Content-Transfer-Encoding: 7bit
Sender: "linux-arm-kernel" <linux-arm-kernel-bounces@lists.infradead.org>
Errors-To: linux-arm-kernel-bounces+linux-arm-kernel=archiver.kernel.org@lists.infradead.org

On Thu, Apr 18, 2024, Will Deacon wrote:
> On Mon, Apr 15, 2024 at 10:03:51AM -0700, Sean Christopherson wrote:
> > On Sat, Apr 13, 2024, Marc Zyngier wrote:
> > > On Fri, 12 Apr 2024 15:54:22 +0100, Sean Christopherson <seanjc@google.com> wrote:
> > > > 
> > > > On Fri, Apr 12, 2024, Marc Zyngier wrote:
> > > > > On Fri, 12 Apr 2024 11:44:09 +0100, Will Deacon <will@kernel.org> wrote:
> > > > > > On Fri, Apr 05, 2024 at 07:58:12AM -0400, Paolo Bonzini wrote:
> > > > > > Also, if you're in the business of hacking the MMU notifier code, it
> > > > > > would be really great to change the .clear_flush_young() callback so
> > > > > > that the architecture could handle the TLB invalidation. At the moment,
> > > > > > the core KVM code invalidates the whole VMID courtesy of 'flush_on_ret'
> > > > > > being set by kvm_handle_hva_range(), whereas we could do a much
> > > > > > lighter-weight and targetted TLBI in the architecture page-table code
> > > > > > when we actually update the ptes for small ranges.
> > > > > 
> > > > > Indeed, and I was looking at this earlier this week as it has a pretty
> > > > > devastating effect with NV (it blows the shadow S2 for that VMID, with
> > > > > costly consequences).
> > > > > 
> > > > > In general, it feels like the TLB invalidation should stay with the
> > > > > code that deals with the page tables, as it has a pretty good idea of
> > > > > what needs to be invalidated and how -- specially on architectures
> > > > > that have a HW-broadcast facility like arm64.
> > > > 
> > > > Would this be roughly on par with an in-line flush on arm64?  The simpler, more
> > > > straightforward solution would be to let architectures override flush_on_ret,
> > > > but I would prefer something like the below as x86 can also utilize a range-based
> > > > flush when running as a nested hypervisor.
> > 
> > ...
> > 
> > > I think this works for us on HW that has range invalidation, which
> > > would already be a positive move.
> > > 
> > > For the lesser HW that isn't range capable, it also gives the
> > > opportunity to perform the iteration ourselves or go for the nuclear
> > > option if the range is larger than some arbitrary constant (though
> > > this is additional work).
> > > 
> > > But this still considers the whole range as being affected by
> > > range->handler().

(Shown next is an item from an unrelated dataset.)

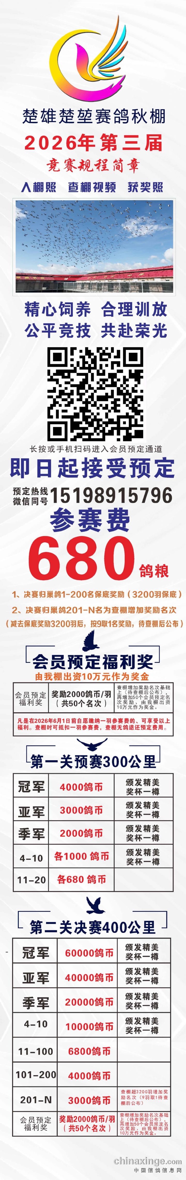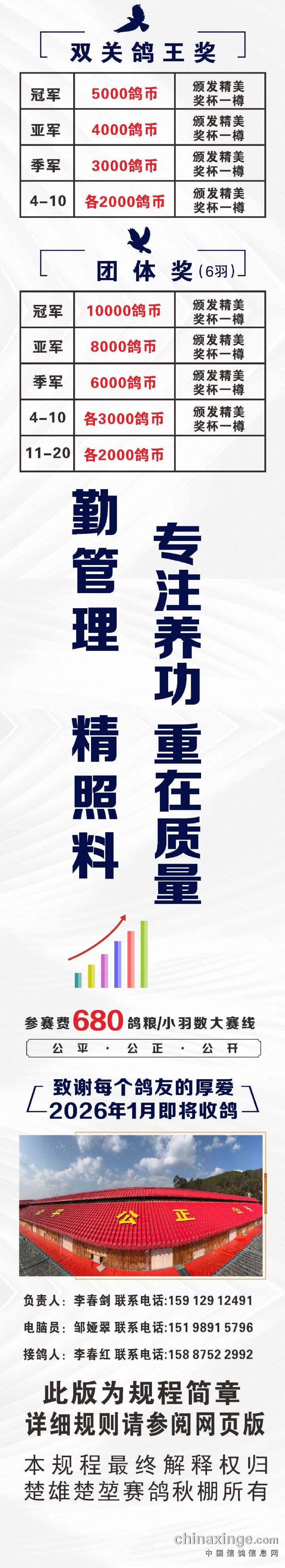楚堃赛鸽秋棚2026年(第三届)规程简章

It'd be interesting to try and see whether more
> > > precise tracking is (or isn't) generally beneficial.
> > 
> > I assume the idea would be to let arch code do single-page invalidations of
> > stage-2 entries for each gfn?
> 
> Right, as it's the only code which knows which ptes actually ended up
> being aged.
> 
> > Unless I'm having a brain fart, x86 can't make use of that functionality.  Intel
> > doesn't provide any way to do targeted invalidation of stage-2 mappings.  AMD
> > provides an instruction to do broadcast invalidations, but it takes a virtual
> > address, i.e. a stage-1 address.  I can't tell if it's a host virtual address or
> > a guest virtual address, but it's a moot point because KVM doen't have the guest
> > virtual address, and if it's a host virtual address, there would need to be valid
> > mappings in the host page tables for it to work, which KVM can't guarantee.
> 
> Ah, so it sounds like it would need to be an arch opt-in then.

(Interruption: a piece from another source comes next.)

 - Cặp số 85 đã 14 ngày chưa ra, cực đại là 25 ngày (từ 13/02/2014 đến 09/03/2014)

Even if x86 (or some other arch code) could use the precise tracking, I think it
would make sense to have the behavior be arch specific.  Adding infrastructure
to get information from arch code, only to turn around and give it back to arch
code would be odd.

Unless arm64 can't do the invalidation immediately after aging the stage-2 PTE,
the best/easiest solution would be to let arm64 opt out of the common TLB flush
when a SPTE is made young.

With the range-based flushing bundled in, this?

---
 include/linux/kvm_host.h |  2 ++
 virt/kvm/kvm_main.c      | 40 +++++++++++++++++++++++++---------------
 2 files changed, 27 insertions(+), 15 deletions(-)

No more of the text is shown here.